– У тебя американская способность не унывать… – заметила Алиса.
– Но – что?
Маринка сразу уловила незавершенность ее интонаций.
– Но… Знаешь, по-моему, эта способность отнимает чувства. Это непонятно? Чтобы не печалиться, когда что-то теряешь, нужно просто не иметь сильных чувств ни к чему.
– Жизни вы не знаете. – Маринка усмехнулась, и ее серые глаза блеснули чем-то непонятным; до сих пор Алиса не видела такого короткого и сильного блеска в ее простых круглых глазах. – Когда каждый день только и думаешь, как более-менее прилично пожить, а то и просто с голоду не сдохнуть, тут, знаешь ли, всякие чувства быстро улетучиваются. И сильные, и слабые. Я когда-то тоже такая была. – Маринка улыбнулась; странный блеск исчез из ее глаз. – Вроде тебя. Только тебе двадцать пять уже, а мне тринадцать было. Я тогда в десятиклассника влюбилась. В первый раз и, как положено, навек, до гроба. И так я от этого страдала, Алиска, не могу тебе передать! – Она засмеялась. – В груди все болит, просто физически ноет, вот до чего мучилась. Сижу, рыдаю, маме говорю: «Мама, в груди больно!» Она вокруг меня с градусником, с компрессом, а я и объяснить не могу, что это со мной.

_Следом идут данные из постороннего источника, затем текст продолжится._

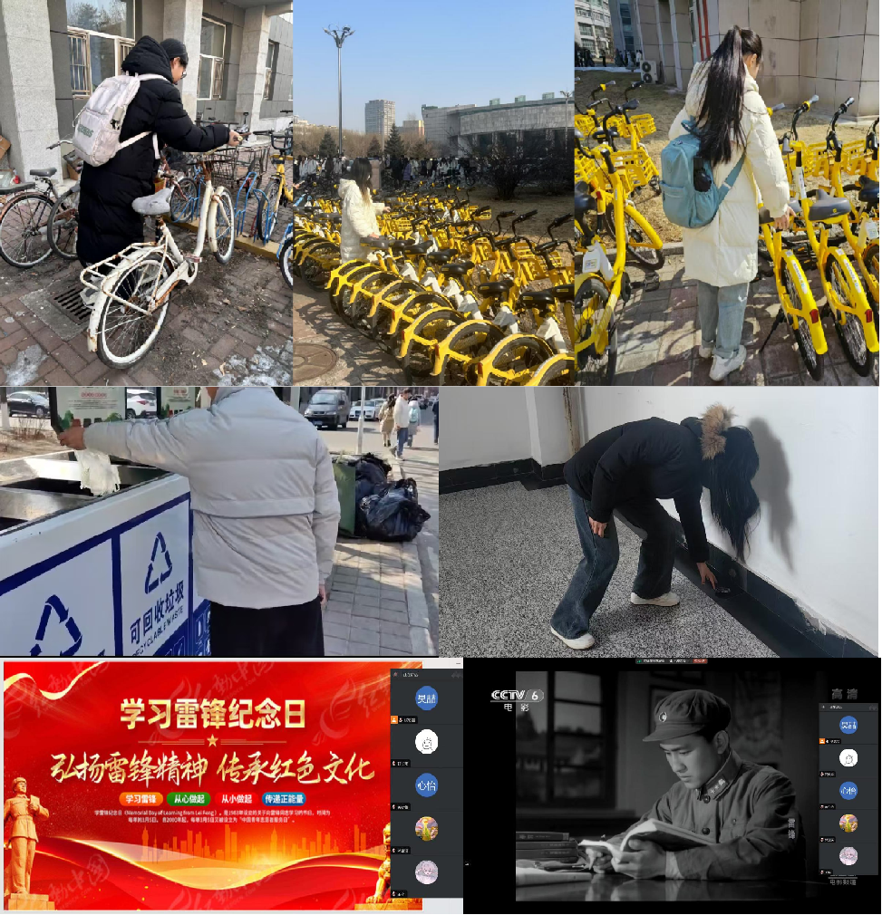 组织志愿者化身环保小卫士,进行校园清洁,并且对校园内随意停放的自行车进行摆放,积极践行雷锋精神,用实际行动帮助他人、回馈校园;晚7时,志愿者们参与线上观影,回顾雷锋同志平凡而伟大的一生,全方位、深层次的理解雷锋精神。同时,极速赛车

– И что потом? – улыбнулась Алиса.
Хоть Маринка и считала, что в Америке все влюбляются как-то по-другому – вверх ногами, что ли? – но подобные истории происходили и в Америке, и даже с Алисиными одноклассницами.
– А что потом? Он с другой гулял, я страдала. Страдала-страдала, да и устала страдать – перестала. А как страдать перестала, так сразу в меня его дружок влюбился. Красавец, между прочим, мне вся школа завидовала. Вот тогда я в первый раз и задумалась, что лучше, от сильных чувств страдать или без всяких чувств красиво жить.

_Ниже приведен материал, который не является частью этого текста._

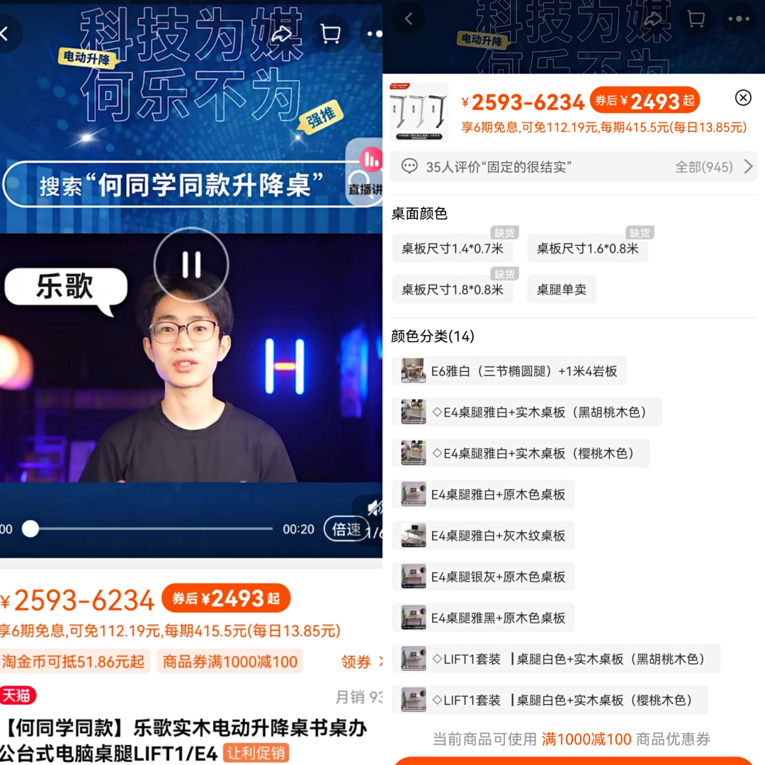 目前,在樂歌的天貓旗艦店中,“何同學同款”的三種升降桌有從529元到6086元不等的幾種款式,價格並不低,但仍有不少種類的商品顯示已經呈缺貨狀態。

О результате этих раздумий Алиса расспрашивать не стала: он и так был понятен. Да и не только Маринка – все Алисины подруги, приятельницы, просто знакомые годам примерно к двадцати делали один и тот же вывод: страсти – удел тинейджеров, а взрослый человек должен устраивать свою жизнь, исходя из более здравых соображений.
Правильно это или нет, Алиса не знала, потому что обошлась без любовных страданий даже в отрочестве, не говоря уже о юности. Вся ее юность была посвящена работе, работе на износ, и это не могло складываться иначе. Если уж ты решила быть актрисой, да еще в бродвейском мюзикле, то техника, которой ты владеешь, должна быть совершенна. А совершенная техника как раз и требует полной самоотдачи.

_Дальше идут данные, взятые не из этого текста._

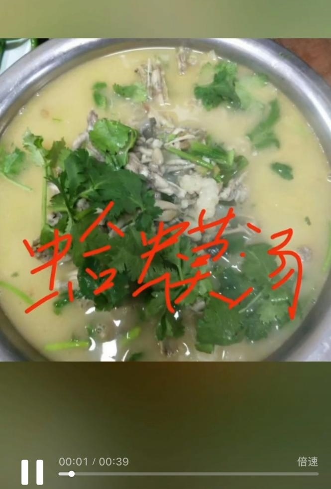 “我拍的蛤蟆湯就是我們本地的一個(gè)名吃(特色菜),我們這附近基本每個(gè)餐館都有這道菜,原材料在菜市場(chǎng)和青菜一樣都能買得到?!睆埮糠Q,她拍的蛤蟆湯里的蛤蟆就是牛蛙。因?yàn)楸镜囟颊J(rèn)可蛤蟆湯,所以她把牛蛙也統(tǒng)稱為蛤蟆。

Так что оставалось лишь со стороны наблюдать за чужими страстями, что Алиса и делала, когда хватало времени и сил хотя бы на это. Ее первой любовью был, пожалуй, Марат, да и он оказался обманчивой иллюзией.
«Хорошо, что он заранее из «Главной улицы» ушел, – подумала она. – Что бы сейчас делал?»
Марата она не видела со дня их объяснения. Как выяснилось, именно в тот день он написал заявление об уходе из проекта. И через неделю после расставания с ним Алисе уже казалось, что она не видела его вообще никогда… Это почему-то тревожило ее, даже пугало. Неужели жизнь так быстро заносит песком повседневности людей, события, чувства? Пусть не любовь, но связывало же ее с Маратом какое-то чувство…
Но все эти мысли лишь мимолетно мелькнули у нее в голове и тут же исчезли. Растерянность охватила ее, необъяснимая растерянность!
«Ладно Марат – я-то что буду делать? – подумала Алиса. – Что?»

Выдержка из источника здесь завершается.